Equilibrium in Markets: Algorithms and Complexity

Market equilibrium is a central solution concept in economics, where prices are set such that the demand and supply are balanced. It has been under study ever since the inception of the field starting with the pioneering work of Adam Smith (1776) and Leon Walras (1874). In a celebrated result, Arrow and Debreu (1954) showed the existence of equilibrium using the Kakutani fixed point theorem, which is highly non-constructive. Since then many algorithms have been proposed, especially worth mentioning are algorithms of Scarf (1967) and Smale (1976) to find approximate fixed points. While much progress has been made in the last century, computationally large part of progress happened in last fifteen years using tools from complexity theory, optimization and mathematical programming. This has led to a remarkable theory of computability of equilibria in markets.

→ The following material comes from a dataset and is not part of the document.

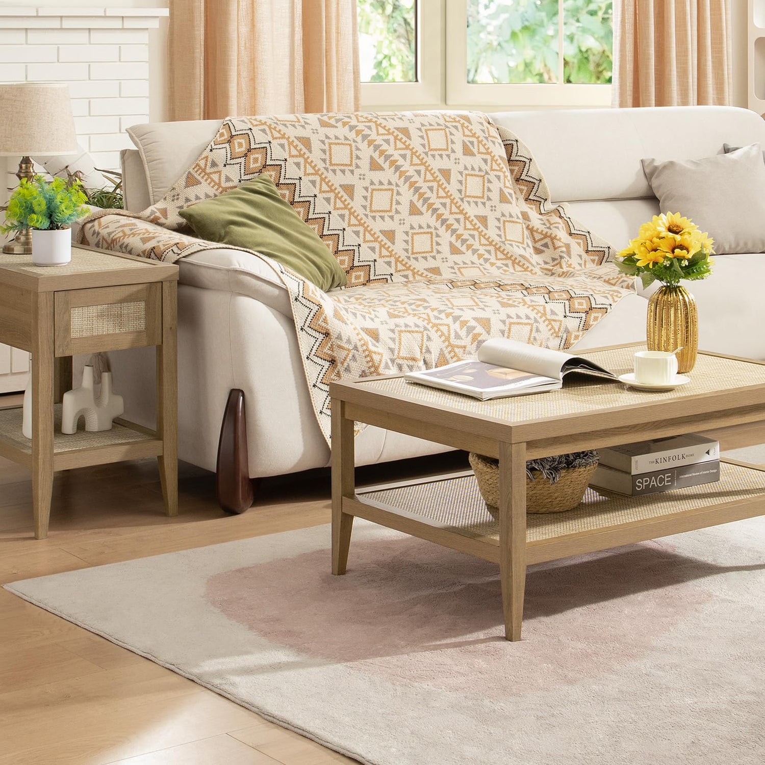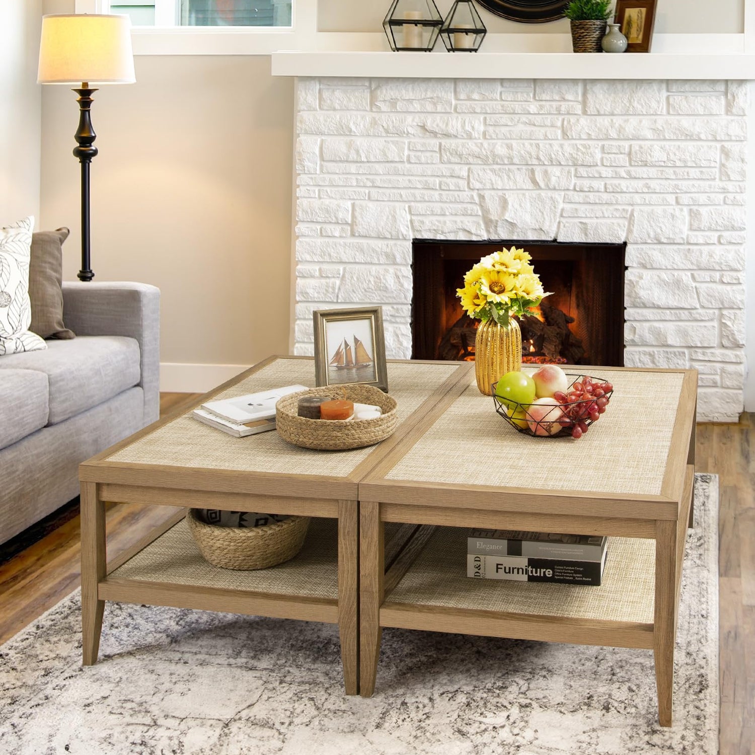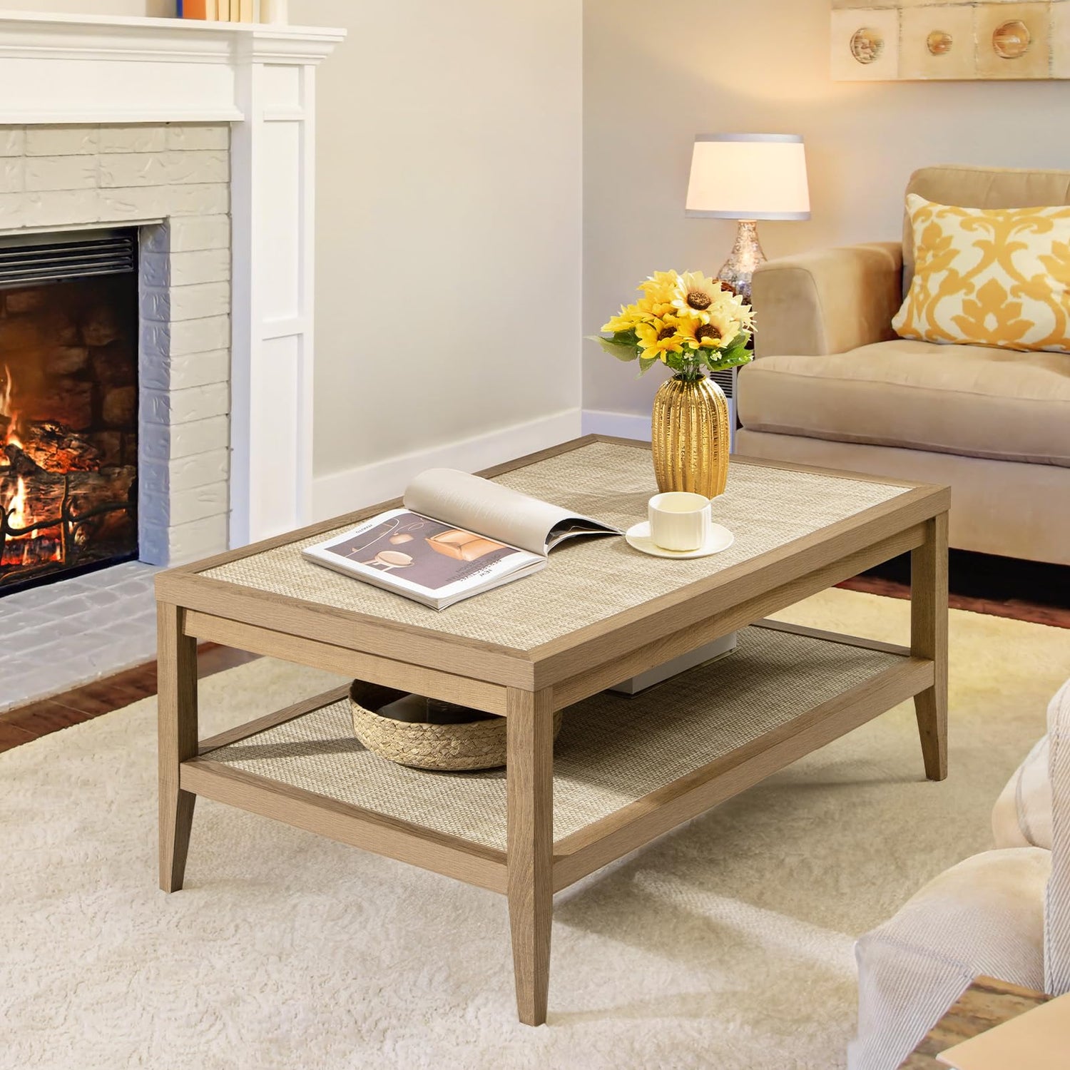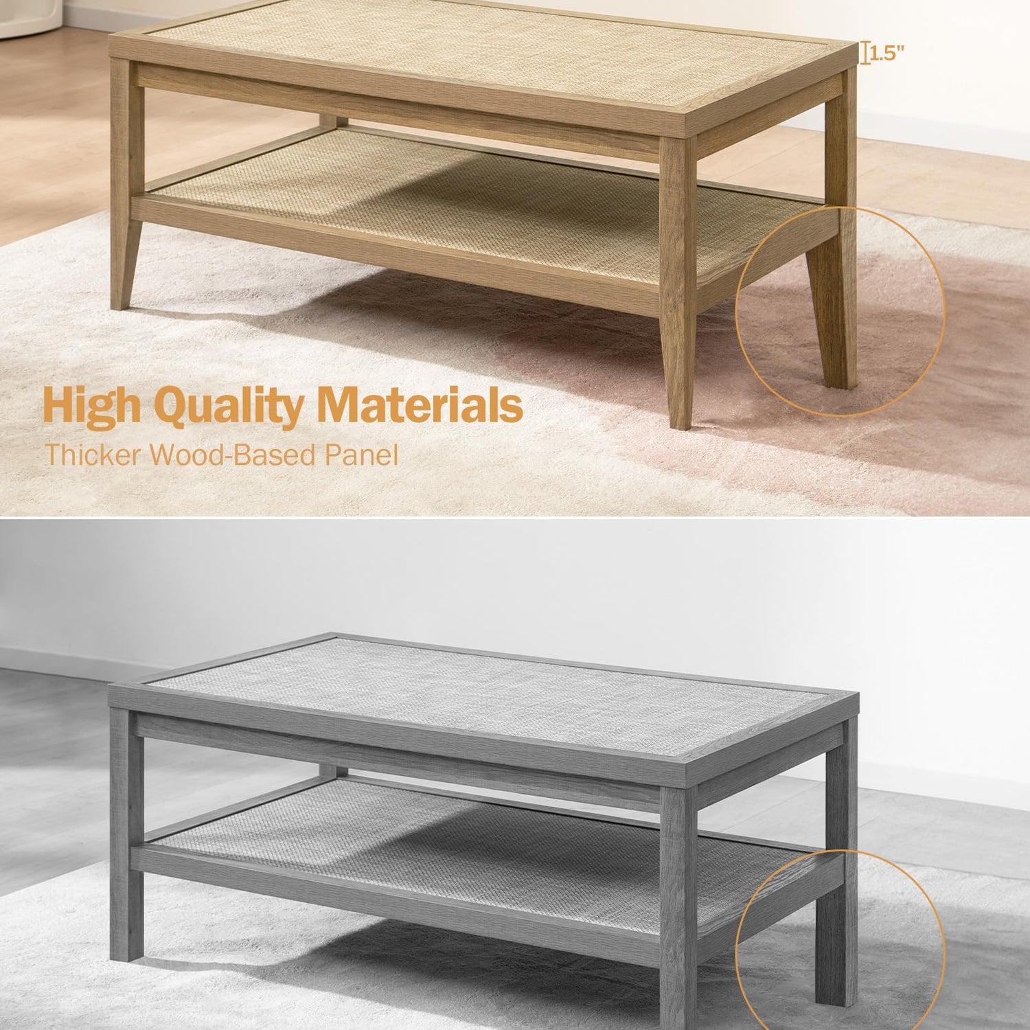 - FARMHOUSE BOHO STYLE - The wooden colour and rattan of this rectangular coffee table give it a natural and rustic charm. The PE rattan shelves panel's exquisite and generous design adds an artistic touch and complements various types of furniture.

My work touches many aspects of this problem from computation to strategic analysis to learning. While the problem has turned out to be intractable for most of the important cases, designing even a non-enumerative algorithm for these cases remained elusive. I will show the first "practical" algorithms for a very general class of markets settling long standing open questions. These algorithms are based on the powerful machinery of linear complementarity problem (LCP) and complementary pivot (Simplex-like) algorithms. I will also show how these results help bring out a clear dichotomy among equilibrium computation problems.

Bio: Jugal Garg is currently a research fellow at Max-Planck-Institute for Informatics, Germany. Prior to that, he was a Algorithms and Randomness Center (ARC) postdoctoral fellow at Georgia Tech for two years. He received his PhD from IIT-Bombay in 2012. Jugal's research explores computational and strategic aspects of equilibria in game theory and economics, and their connections with dynamical systems and learning. He is interested broadly in design and analysis of algorithms, optimization and mathematical programming.